Problem: Could you retype exactly the lines below between the one holding "1. This check" and the one holding "[10kg-12kg] Áo bé", inclusive, leaving out any pictures?

Source data:
Start of Block

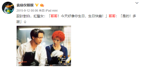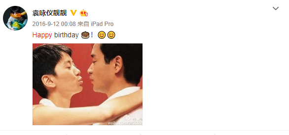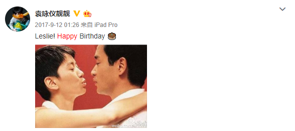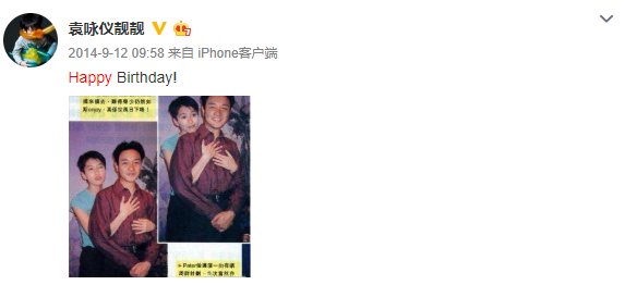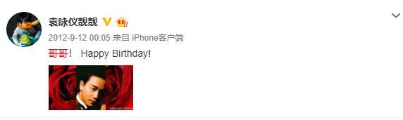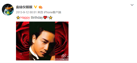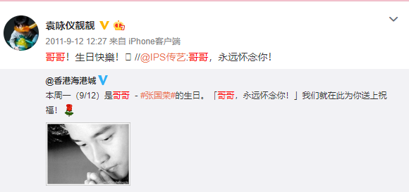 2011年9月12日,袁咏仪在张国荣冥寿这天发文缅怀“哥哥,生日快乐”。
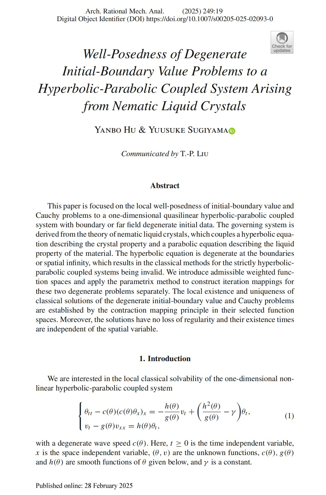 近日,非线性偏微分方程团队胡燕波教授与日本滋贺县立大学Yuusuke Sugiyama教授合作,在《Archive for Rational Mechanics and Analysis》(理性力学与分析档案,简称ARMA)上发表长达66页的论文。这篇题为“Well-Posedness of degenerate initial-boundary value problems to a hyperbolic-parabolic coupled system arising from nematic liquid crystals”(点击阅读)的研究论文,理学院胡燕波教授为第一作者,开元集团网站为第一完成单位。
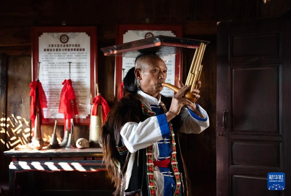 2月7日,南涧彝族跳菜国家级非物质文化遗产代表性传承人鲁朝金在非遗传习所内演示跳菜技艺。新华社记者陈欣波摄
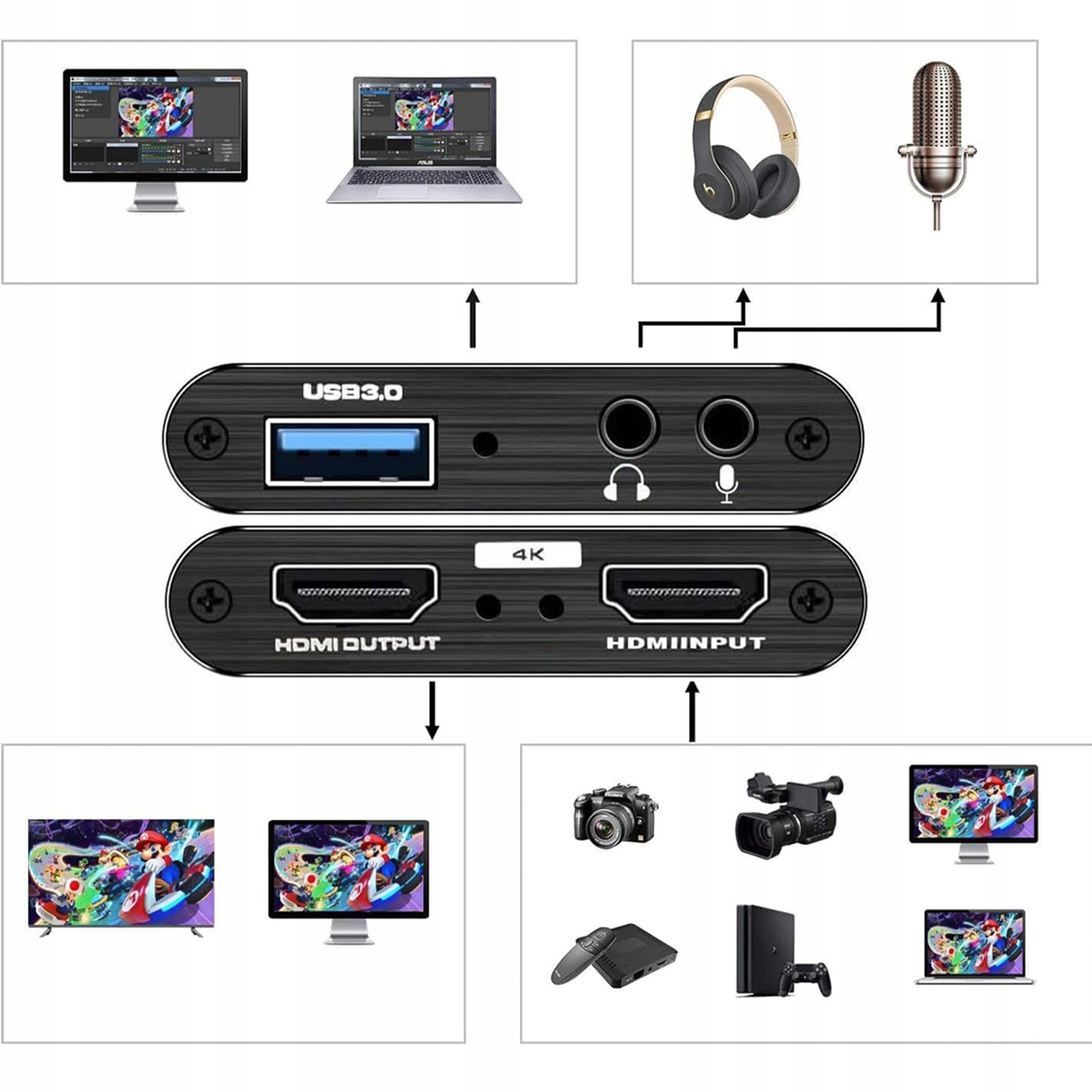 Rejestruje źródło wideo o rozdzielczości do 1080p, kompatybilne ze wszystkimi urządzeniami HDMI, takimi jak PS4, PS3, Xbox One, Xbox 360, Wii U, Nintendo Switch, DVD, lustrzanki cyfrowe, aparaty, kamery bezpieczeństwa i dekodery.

End of Block
Start of Block

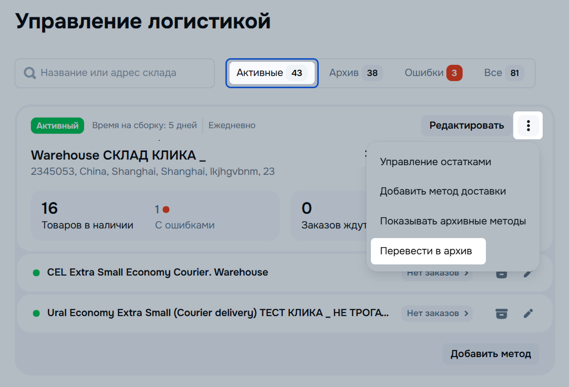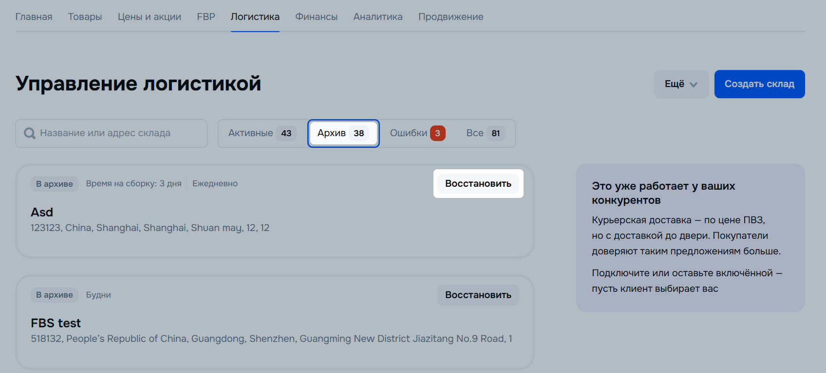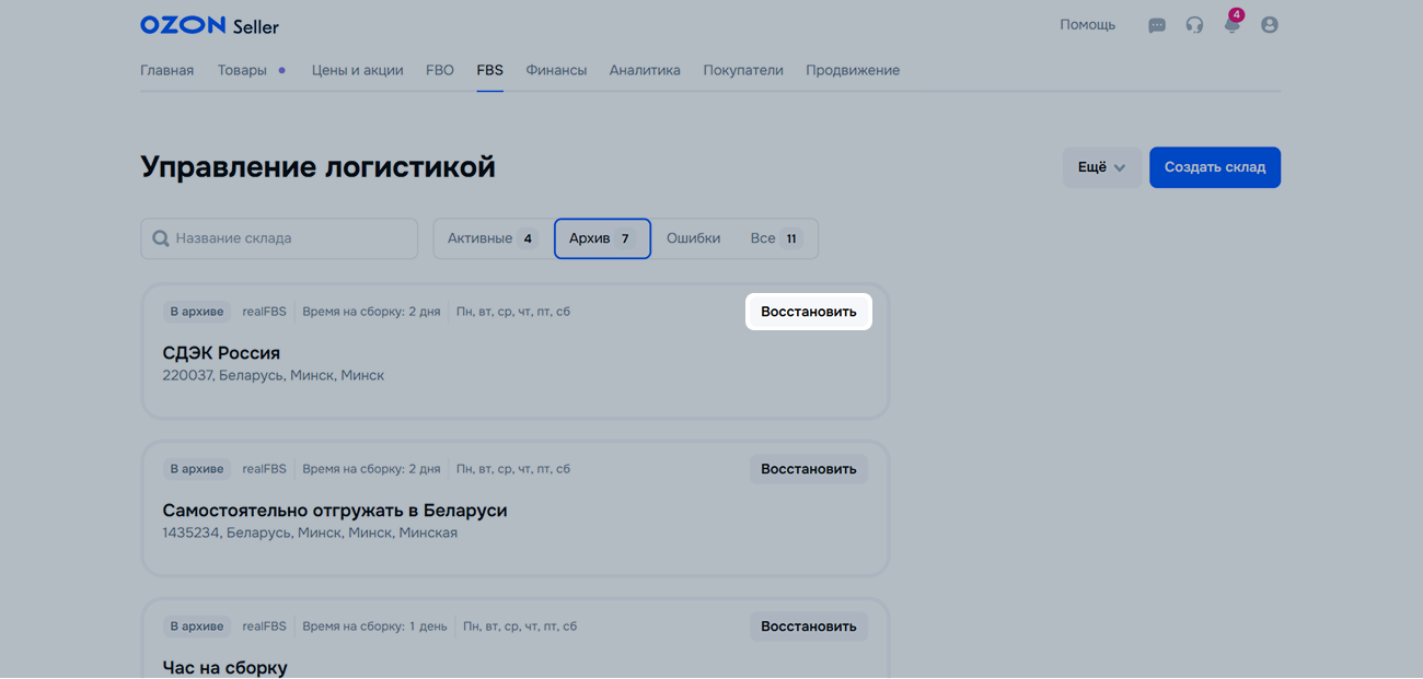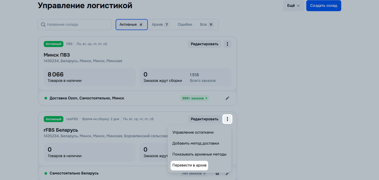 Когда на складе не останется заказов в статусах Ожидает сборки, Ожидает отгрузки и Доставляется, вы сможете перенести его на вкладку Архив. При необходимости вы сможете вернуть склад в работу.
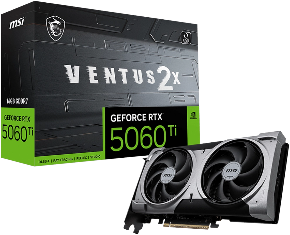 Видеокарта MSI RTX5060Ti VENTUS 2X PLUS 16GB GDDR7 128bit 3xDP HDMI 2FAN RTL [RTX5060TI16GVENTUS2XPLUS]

End of Block
Start of Block

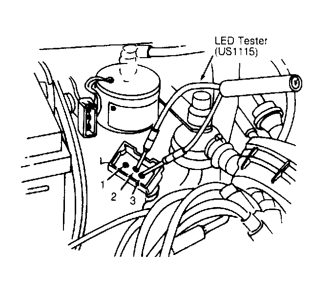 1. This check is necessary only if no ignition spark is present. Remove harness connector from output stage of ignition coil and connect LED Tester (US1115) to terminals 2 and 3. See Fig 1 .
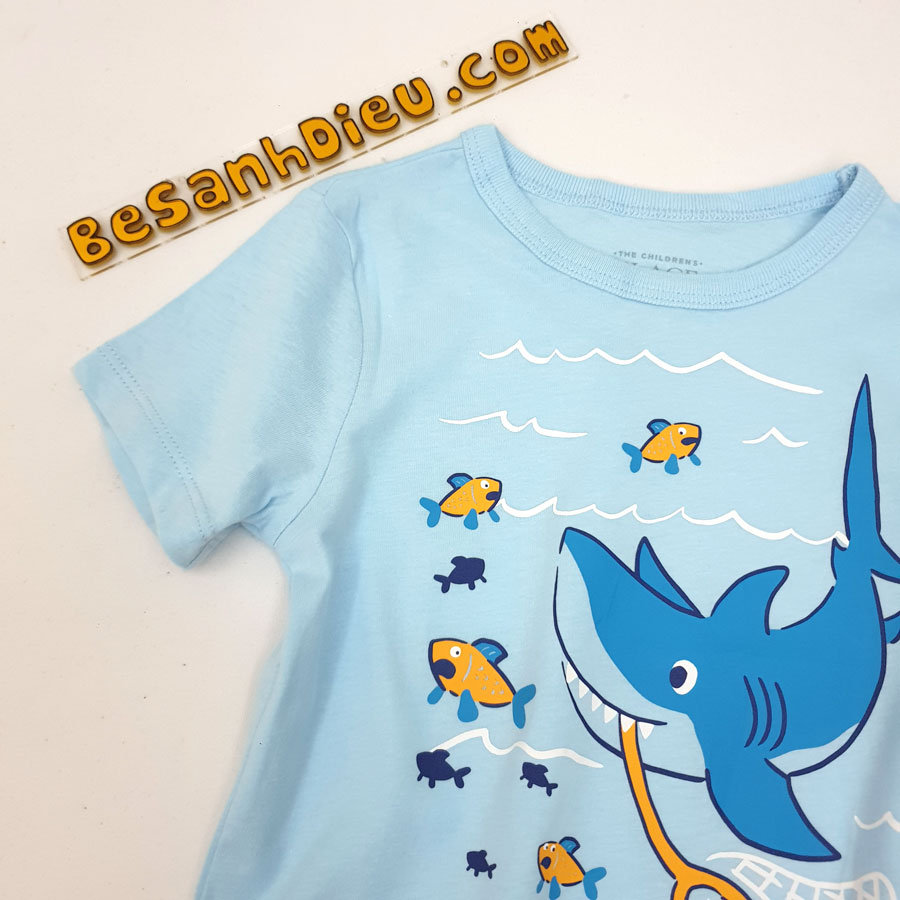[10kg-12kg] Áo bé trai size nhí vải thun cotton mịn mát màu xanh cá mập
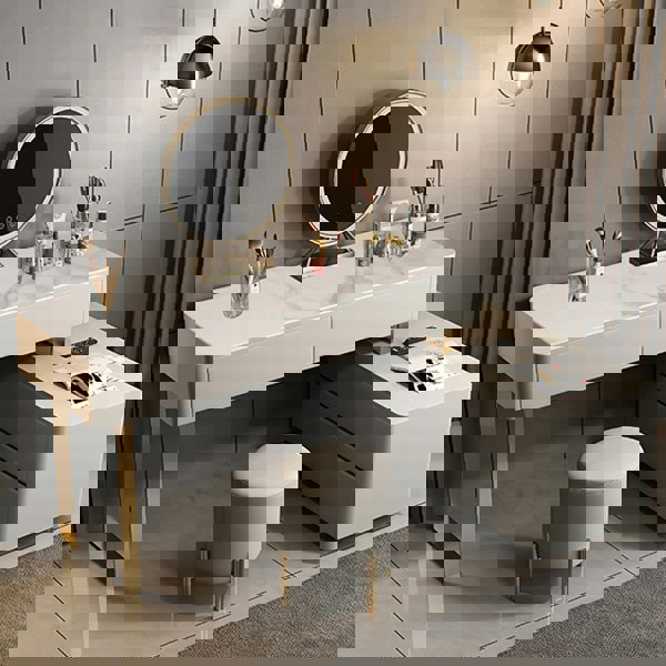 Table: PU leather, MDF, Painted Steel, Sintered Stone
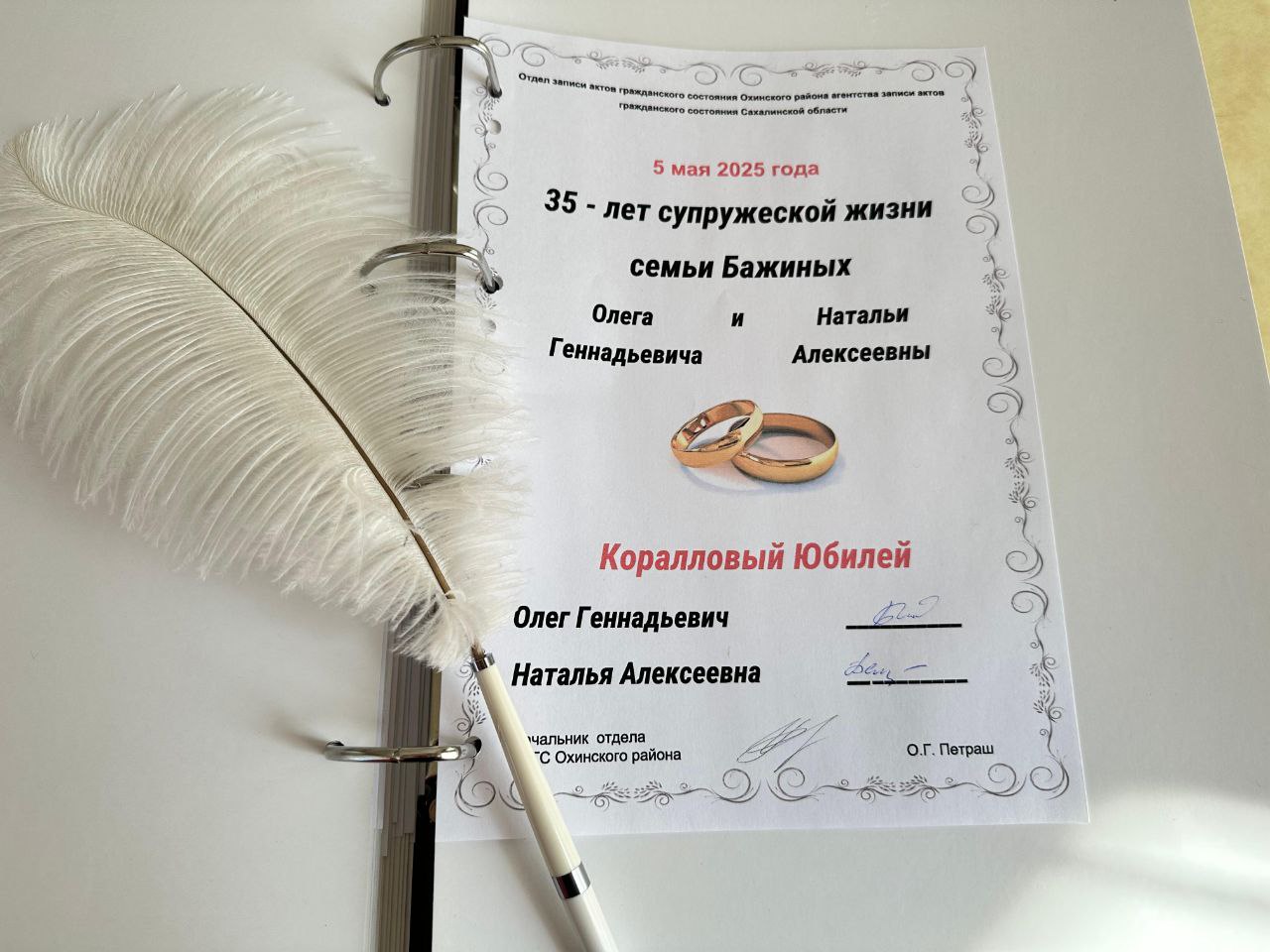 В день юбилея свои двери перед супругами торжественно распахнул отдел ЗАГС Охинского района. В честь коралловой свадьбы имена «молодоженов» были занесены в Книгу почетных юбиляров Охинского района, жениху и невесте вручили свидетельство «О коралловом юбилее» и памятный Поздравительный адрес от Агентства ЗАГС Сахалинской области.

End of Block

Written solution:
 1. This check is necessary only if no ignition spark is present. Remove harness connector from output stage of ignition coil and connect LED Tester (US1115) to terminals 2 and 3. See Fig 1 .
[10kg-12kg] Áo bé trai size nhí vải thun cotton mịn mát màu xanh cá mập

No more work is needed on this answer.